Coupable sans remords, je le fus bientôt sans mesure et, de grâce, qu’on voie comment ma passion suivit la trace de mon naturel, pour m’entraîner enfin dans l’abîme. D’abord, elle prit un air humble pour me rassurer, et pour me rendre entreprenant, elle poussa cette humilité jusqu’à la défiance. Mme d’Houdetot, sans cesser de me rappeler à mon devoir, à la raison, sans jamais flatter un moment ma folie, me traitait au reste avec la plus grande douceur, et prit avec moi le ton de l’amitié la plus tendre. Cette amitié m’eût suffi, je le proteste, si je l’avais crue sincère; mais la trouvant trop vive pour être vraie, n’allai-je pas me fourrer dans la tête que l’amour, désormais si peu convenable à mon âge, à mon maintien, m’avait avili aux yeux de Mme d’Houdetot; que cette jeune folle ne voulait que se divertir de moi et de mes douceurs surannées; qu’elle en avait fait confidence à Saint-Lambert, et que l’indignation de mon infidélité ayant fait entrer son amant dans ses vues, ils s’entendaient tous les deux pour achever de me faire tourner la tête et me persifler? Cette bêtise, qui m’avait fait extravaguer à vingt-six ans, auprès de Mme de Larnage, que je ne connaissais pas, m’eût été pardonnable à quarante-cinq, auprès de Mme d’Houdetot, si j’eusse ignoré qu’elle et son amant étaient trop honnêtes gens l’un et l’autre pour se faire un aussi barbare amusement.
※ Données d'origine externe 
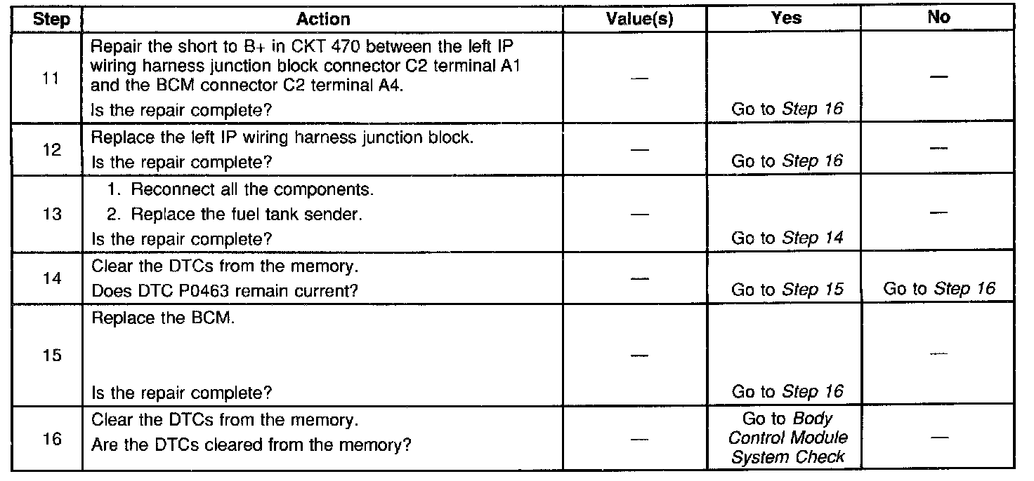 DTC P0463 Fuel Level Sensor Circuit High Voltage (Part 2 Of 2):

Mme d’Houdetot continuait à me faire des visites que je ne tardai pas à lui rendre. Elle aimait à marcher, ainsi que moi: nous faisions de longues promenades dans un pays enchanté. Content d’aimer et de l’oser dire, j’aurais été dans la plus douce situation, si mon extravagance n’en eût détruit tout le charme. Elle ne comprit rien d’abord à la sotte humeur avec laquelle je recevais ses caresses: mais mon cœur, incapable de savoir jamais rien cacher de ce qui s’y passe, ne lui laissa pas longtemps ignorer mes soupçons; elle en voulut rire; cet expédient ne réussit pas; des transports de rage en auraient été l’effet: elle changea de ton. Sa compatissante douceur fut invincible; elle me fit des reproches qui me pénétrèrent; elle me témoigna, sur mes injustes craintes, des inquiétudes dont j’abusai. J’exigeai des preuves qu’elle ne se moquait pas de moi. Elle vit qu’il n’y avait nul autre moyen de me rassurer. Je devins pressant, le pas était délicat. Il est étonnant, il est unique peut-être qu’une femme ayant pu venir jusqu’à marchander, s’en soit tirée à si bon compte. Elle ne me refusa rien de ce que la plus tendre amitié pouvait accorder. Elle ne m’accorda rien qui pût la rendre infidèle, et j’eus l’humiliation de voir que l’embrasement dont ses légères faveurs allumaient mes sens n’en porta jamais aux siens la moindre étincelle.